Brief: In the records below, the relevant part opens with the line containing "4月24日,浙江大学医学院附" and closes with the line containing "近日,受冷空氣影響,江西南昌"; print that part exactly and only, without its pictures.

Data under study:
========

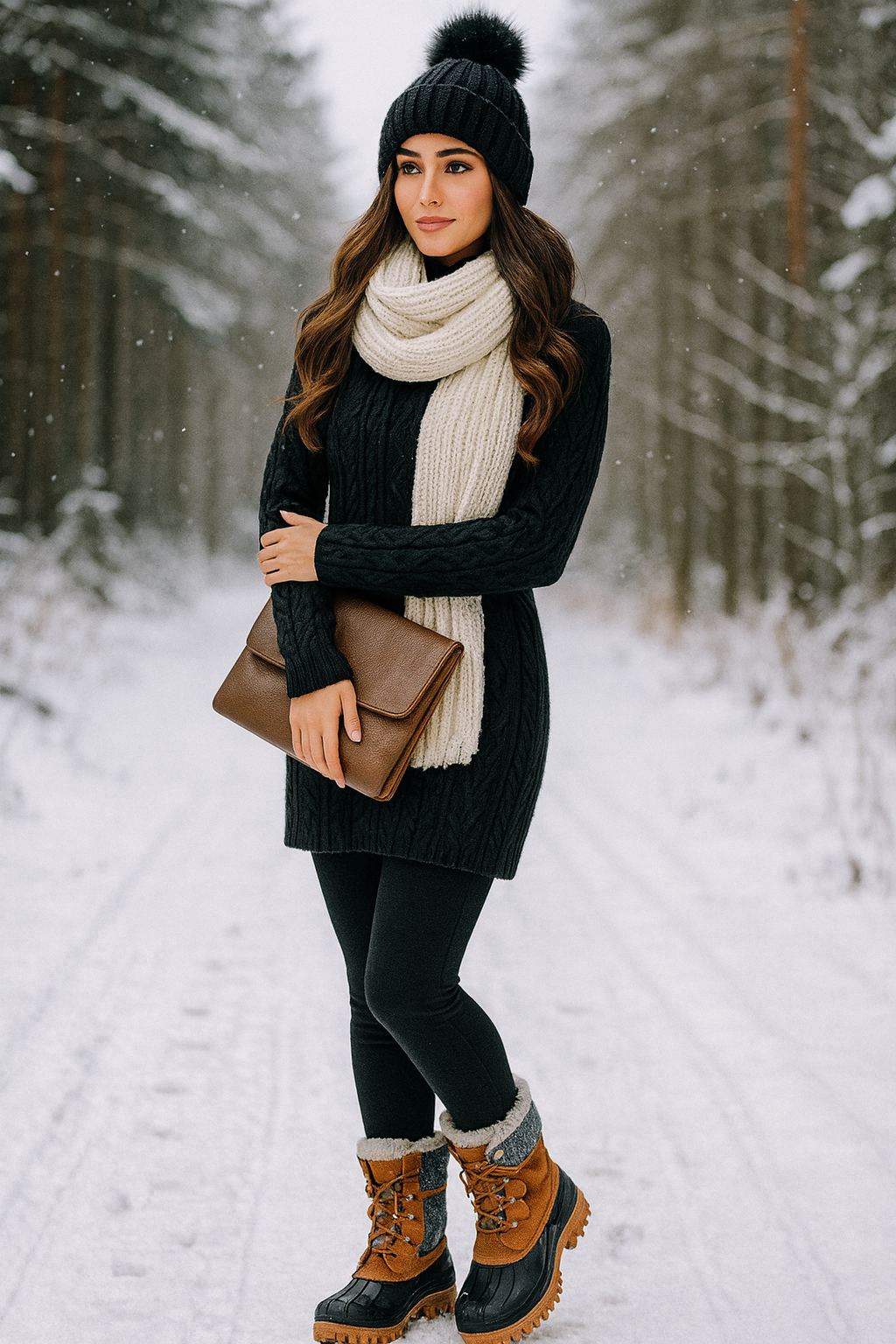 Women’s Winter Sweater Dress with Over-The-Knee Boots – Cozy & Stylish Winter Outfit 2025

========

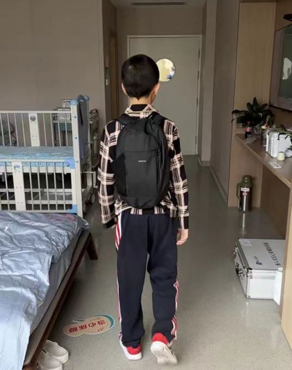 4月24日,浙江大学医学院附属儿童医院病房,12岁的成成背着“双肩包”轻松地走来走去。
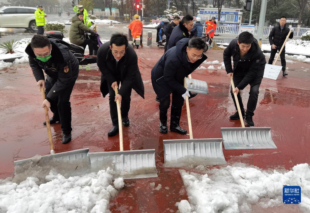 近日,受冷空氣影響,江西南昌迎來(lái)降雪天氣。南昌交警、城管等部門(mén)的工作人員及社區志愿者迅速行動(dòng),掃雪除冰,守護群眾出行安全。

========

Exercise answer:
 4月24日,浙江大学医学院附属儿童医院病房,12岁的成成背着“双肩包”轻松地走来走去。
 近日,受冷空氣影響,江西南昌迎來(lái)降雪天氣。南昌交警、城管等部門(mén)的工作人員及社區志愿者迅速行動(dòng),掃雪除冰,守護群眾出行安全。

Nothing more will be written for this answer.